--- DATA Enclosed Below ---

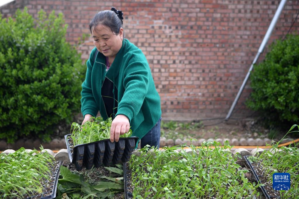 4月13日,在崇信縣錦屏鎮東莊村新豐園蔬菜生產(chǎn)基地,農民整理蔬菜秧苗準備裝車(chē)。
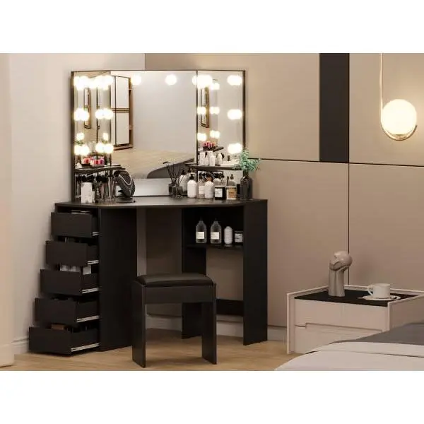 Elegant Space-Saving Corner Design in Classic White Crafted from select wood and MDF in a timeless white finish, this chic corner vanity fits beautifully into bedrooms or dressing rooms. Its smart design maximizes style while minimizing floor space.
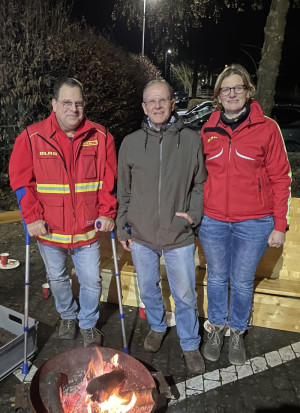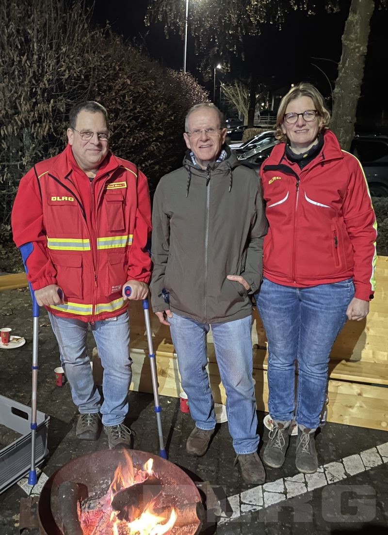 Am Abend waren dann alle Eltern und erwachsenen Mitglieder eingeladen, die gebackenen Plätzchen zu probieren. Vor dem DLRG Heim wurden aber nicht nur Plätzchen, sondern auch allerlei anderes mitgebrachtes Essen beim gemütlichen Beisammensein am knisternden Holzfeuer mit Kinderpunsch verspeist. Zudem kam unser Ortsvorsteher Heinz Seidel zu Besuch, überbrachte eine Spende für die Jugendarbeit und beteiligte sich an den zahlreichen Gesprächen der Teilnehmer.
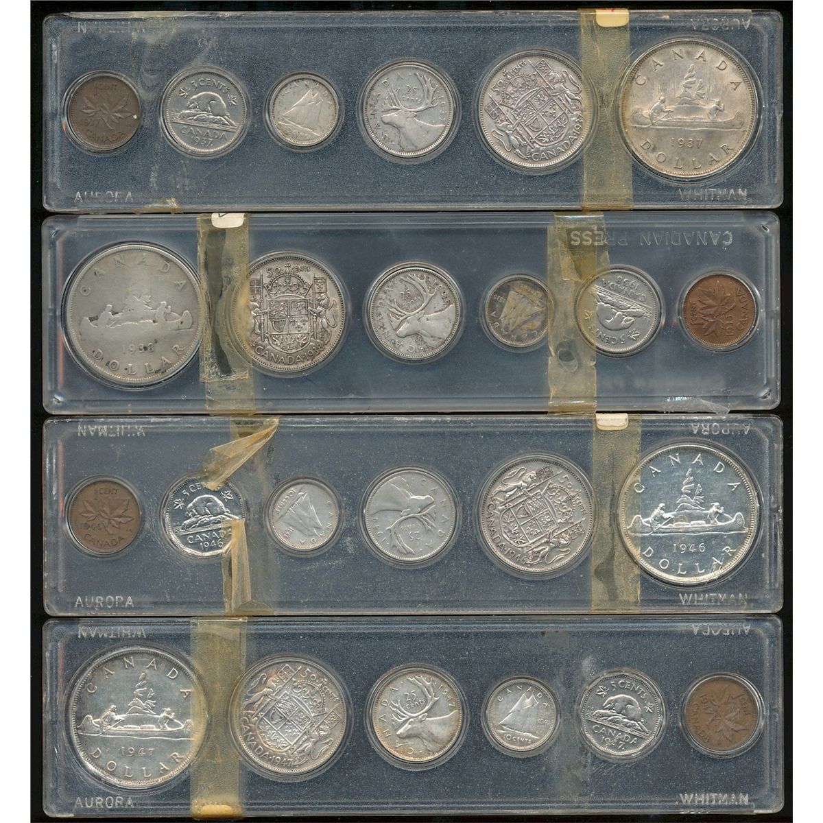 Year Sets; includes 1937, 1938, 1939, 1946, 1947 Blt, 1949 to 1970, 1972 all complete, Partial set 1935, 1945 without Dollars & 1971 without 25¢ & 50¢. All sets with circ coins. Dollars 1938 Good, 1946 EF & 1947 Blt EF.
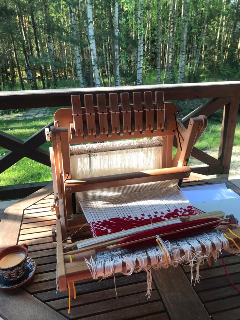 Miłośniczka wykorzystania jak największej liczby nicielnic jaka jest możliwa. Im ich więcej tym weselej i ciekawiej. Jej prace to feria zdecydowanych barw, nie boi się wyrazistej osnowy i wątku. Z ciekawością odczytuje wzory tkanin, tworzy własne. Jej prace publikowane na stronie https://strefatkania.org zawsze uzyskują nietuzinkowe nazwy. Znana specjalistka od konfiguracji tradycyjnych krosien. W trakcie prowadzonych warsztatów sporo czasu spędza oglądając je z różnych stron. W jej głowie pełnej pomysłów zawsze znajdzie się trochę miejsca na coś nowego. Tka kiedy może, wciąż szuka nowych rozwiązań.

--- End of Enclosed DATA ---

_PROBLEM REQUIREMENTS_
Return the records above verbatim, leaving out images.

_REPLY_
 4月13日,在崇信縣錦屏鎮東莊村新豐園蔬菜生產(chǎn)基地,農民整理蔬菜秧苗準備裝車(chē)。
 Elegant Space-Saving Corner Design in Classic White Crafted from select wood and MDF in a timeless white finish, this chic corner vanity fits beautifully into bedrooms or dressing rooms. Its smart design maximizes style while minimizing floor space.
 Am Abend waren dann alle Eltern und erwachsenen Mitglieder eingeladen, die gebackenen Plätzchen zu probieren. Vor dem DLRG Heim wurden aber nicht nur Plätzchen, sondern auch allerlei anderes mitgebrachtes Essen beim gemütlichen Beisammensein am knisternden Holzfeuer mit Kinderpunsch verspeist. Zudem kam unser Ortsvorsteher Heinz Seidel zu Besuch, überbrachte eine Spende für die Jugendarbeit und beteiligte sich an den zahlreichen Gesprächen der Teilnehmer.
 Year Sets; includes 1937, 1938, 1939, 1946, 1947 Blt, 1949 to 1970, 1972 all complete, Partial set 1935, 1945 without Dollars & 1971 without 25¢ & 50¢. All sets with circ coins. Dollars 1938 Good, 1946 EF & 1947 Blt EF.
 Miłośniczka wykorzystania jak największej liczby nicielnic jaka jest możliwa. Im ich więcej tym weselej i ciekawiej. Jej prace to feria zdecydowanych barw, nie boi się wyrazistej osnowy i wątku. Z ciekawością odczytuje wzory tkanin, tworzy własne. Jej prace publikowane na stronie https://strefatkania.org zawsze uzyskują nietuzinkowe nazwy. Znana specjalistka od konfiguracji tradycyjnych krosien. W trakcie prowadzonych warsztatów sporo czasu spędza oglądając je z różnych stron. W jej głowie pełnej pomysłów zawsze znajdzie się trochę miejsca na coś nowego. Tka kiedy może, wciąż szuka nowych rozwiązań.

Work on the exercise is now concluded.